A Practical Guide to Prompt & Context Engineering

The key elements for structuring, testing, and scaling your conversations with AI.

If you’ve been following the Master LLMs series, you’ve seen the journey so far, from building intuition in “What Even Is an LLM?”, to understanding the mechanics in “How Do LLMs Actually Work?”, to learning key principles in “Learn How To Steer Your AI Outputs”.

Now, this post takes a hands-on turn, focusing on the practical craft of communicating effectively with AI when it’s time to build (Non-members link).

Here’s something most people aren’t aware of when it comes to working with LLMs:

The models are incredibly smart, but also incredibly literal.

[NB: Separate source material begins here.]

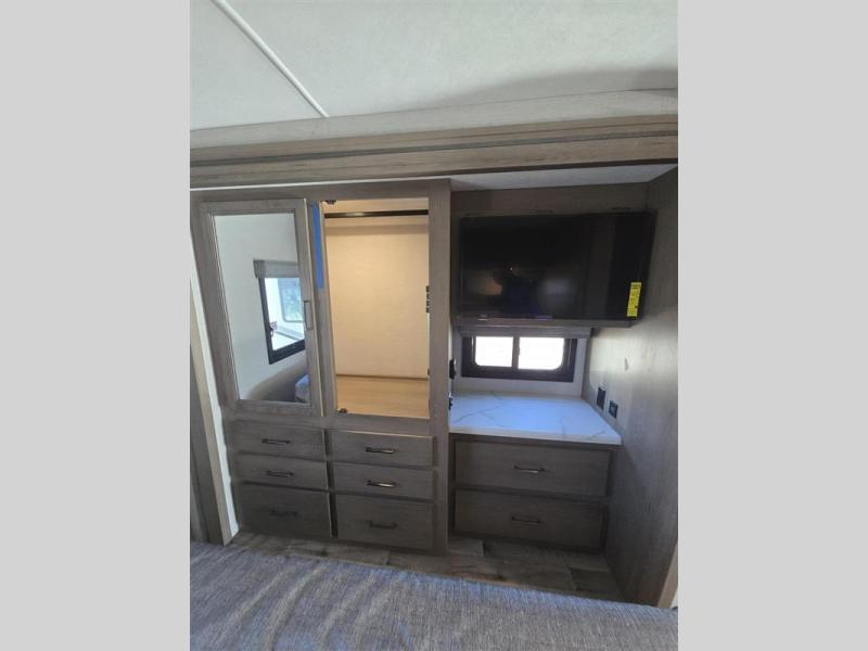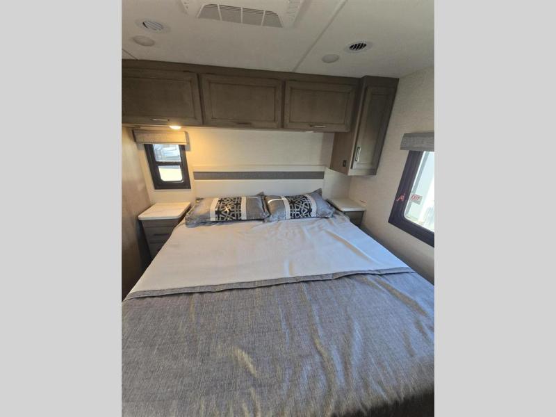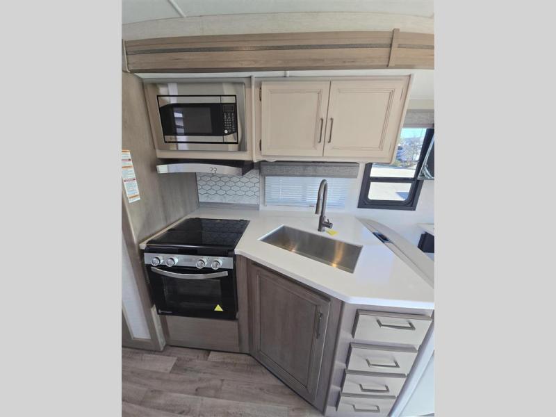 If you're looking for a coach with a larger sleeping capacity and added interior space, you've found it in this Resonate 32B! Once the full-wall slide is extended you can dine at the Dream Dinette or relax on the jack-knife sofa that sits directly across from the 40" LED Smart TV. The little ones will love the drop-down overhead bunk and bunk beds, plus the full bath is right across the bunks for easy nighttime use. You will have the rear private bedroom all to yourselves with a king bed and your own 32" LED Smart TV, and any other guests can sleep on the living area furniture. In the morning you can whip up a hearty breakfast on the three burner cooktop, or use the microwave oven for instant oatmeal if you're on the go. You can spend your day hiking or swimming, or you may just want to visit under the 19' power awning with LED lights and watch the game on the exterior 32" TV!

I’ve spent numerous hours debugging and tuning prompts that should’ve worked. Learning the hard way that talking to an LLM isn’t like talking to a person.

It’s both simpler and more complex than you’d expect.

Why This Matters Right Now

In the previous post in this series, I outlined the key concepts of prompt and context engineering, explained the main techniques behind them, and highlighted why mastering these skills is essential. To briefly recapitulate:

Prompt engineering isn’t about getting a good-enough answer. It’s about getting the most possibly accurate answer, consistently, in the right format, every time. That’s crucial for building effective AI-powered systems and agents.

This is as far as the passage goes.